In 1948 two brothers, Russell and Sigurd Varian, armed with $22,000, founded Varian Associates to manufacture scientific instruments. According to a company history, the Varian brothers “intentionally settled near Stanford in order to enjoy the benefits of interchange with the various scientific programs in progress at the University.”

Russell Varian in particular had a long association with Stanford; he had done his undergraduate and graduate work at the Palo Alto institution. In the late 1930s the brothers struck a deal with Stanford allowing access to a university laboratory to develop the klystron tube, an “electron tube” that produces microwaves. The British quickly adapted klystron tubes to radar to help stave off the Luftwaffe during the Battle of Britain.

Shortly after opening its doors, Varian Associates received a contract to develop the R-1 klystron for use in guided missiles. The R-1 contract enabled Varian to increase its workforce from a handful of employees to 30 fulltime workers. It also meant that Varian became the world leader in the production of microwave tubes.

Not wanting to remain a one-product company, Varian used its Stanford connection to develop NMR instruments, which at their most elemental consist of a magnet, a radio frequency transmitter, and a receiver. Although the first applications of NMR spectroscopy were done with hand-built instruments, Russell Varian anticipated many uses for NMR instruments. Accordingly he reached an agreement with Bloch, who served as a company consultant, to acquire the patent rights to produce NMRs.

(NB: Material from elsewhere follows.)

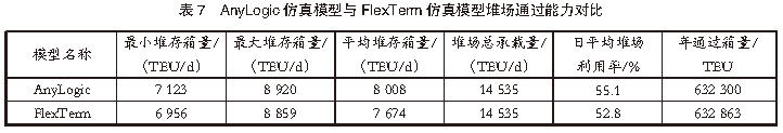 经综合分析发现,无论是单一场桥利用率还是平均场桥利用率,AnyLogic仿真模型的数据结果都普遍高于FlexTerm仿真模型的数据结果。通过分析堆场作业系统仿真流程发现,上述差异是由2种仿真模型的作业指令生成模式不同导致的。在相同的作业时段内,AnyLogic仿真模型的作业指令生成的作业数量要高于FlexTerm仿真模型的作业指令生成的作业数量,从而导致AnyLogic仿真模型的场桥利用率高于FlexTerm仿真模型的场桥利用率。根据港口提供的数据,全年该港口自动化堆场的场桥利用率在40%~60%。基于AnyLogic仿真模型和FlexTerm仿真模型仿真得到的平均场桥利用率分别为42.4%、35.7%。显然,与FlexTerm仿真模型的仿真结果相比,AnyLogic仿真模型的仿真结果同实际作业数据的统计结果更接近。究其原因,这是由2款仿真模型的集装箱装卸作业指令的生成模式不同导致的。对堆场作业系统仿真流程分析发现:在AnyLogic仿真模型中,集装箱装卸作业指令是根据港口历史数据,借助算法计算生成的,比较接近港口的实际作业数据;在FlexTerm仿真模型中,集装箱装卸作业指令是利用软件自带作业计划模块,通过配置船期、堆场计划等参数自动生成的,与港口实际作业数据之间存在一定的差距。4.2 堆场使用情况对比为了合理规划堆场空间资源,根据港口提供的船期、堆场计划等参数,对港口堆场的使用情况进行仿真对比分析。AnyLogic仿真模型与FlexTerm仿真模型堆场通过能力对比见表7。由表7可知,在相同输入条件下,AnyLogic仿真模型和FlexTerm仿真模型仿真模拟得到的堆场利用情况和堆场通过能力基本一致。但由于泊位船舶计划较为宽松,船期密度小于实际船期数据,AnyLogic仿真模型和FlexTerm仿真模型的堆场通过箱量分别为632 300 TEU和632 863 TEU,均小于港口全年实际堆场通过箱量724 272 TEU。

The Stanford connection tightened with the hiring in 1951 of Martin Packard, who had worked with Bloch. Packard observed: “Prior to the use of NMR… [a chemist] could spend literally months and years trying to determine the structure of a molecule. With NMR, infrared, mass spectrometry, and other such tools, the same problems can often be solved in hours.” To help convince chemists of NMR’s utility, the Varians hired James Shoolery, a physical chemist, to set up an applications laboratory. Shoolery and his colleagues taught chemists how to use NMR to determine molecular structure.

Varian Associates first forays into NMR instrumentation yielded mixed results. At first, the company funded development of NMR spectrometers by making its 12-inch electromagnet available commercially. The initial Varian instrument was the HR-30, which used the 12-inch electromagnet, but it was difficult to operate. Later, more advanced instruments were marketed, such as the HR-40 and the HR-60. The latter instrument could solve a larger range of problems than earlier versions, and it was a small-scale commercial success. But its mammoth size and high cost put it out of the reach of most chemists.

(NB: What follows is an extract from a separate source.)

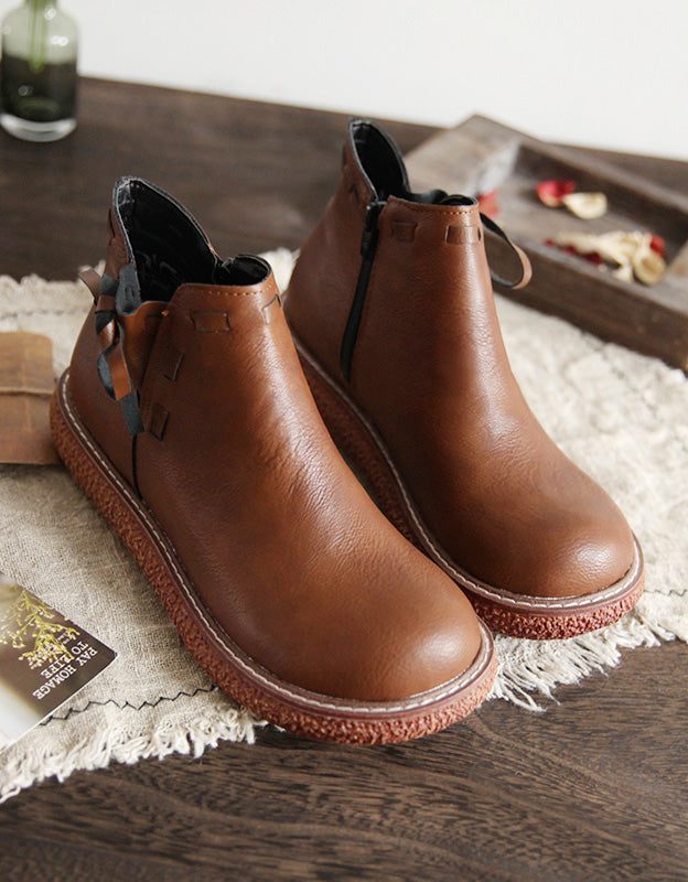Sklisikker Håndlagde Plattformstøvler I Retro Skinn

The HR-60’s modest success convinced the company that there was a potential market for a low-cost, proton-only NMR spectrometer. Research on such an instrument began in earnest in 1957. It was code-named “ASP:” As soon as possible. The new instrument would have a six-inch magnet, small enough so that the entire instrument would fit into two secretary-sized consoles, one for the magnet and most of the electronics, the other for the controls and the remaining electronic gear. The intent was to manufacture a machine simple enough for an organic chemist to use and cheap enough for the researcher to afford.

In 1960 Varian Associates introduced the A-60: The first commercially successful NMR spectrometer. The A-60, which plotted the results, spectra, on calibrated chart paper, quickly became popular among chemists because of its affordability, reliability, stability, compact construction, and ease of operation.

The A-60 was the workhorse NMR instrument for decades as it allowed chemists to determine molecular structures easily and quickly and to follow the progress of chemical reactions. Researchers employed the A-60 in applications of special interest to the public such as prospecting for water, oil, and minerals. But the most widely known application came in the medical field with the development of magnetic resonance imaging (MRI).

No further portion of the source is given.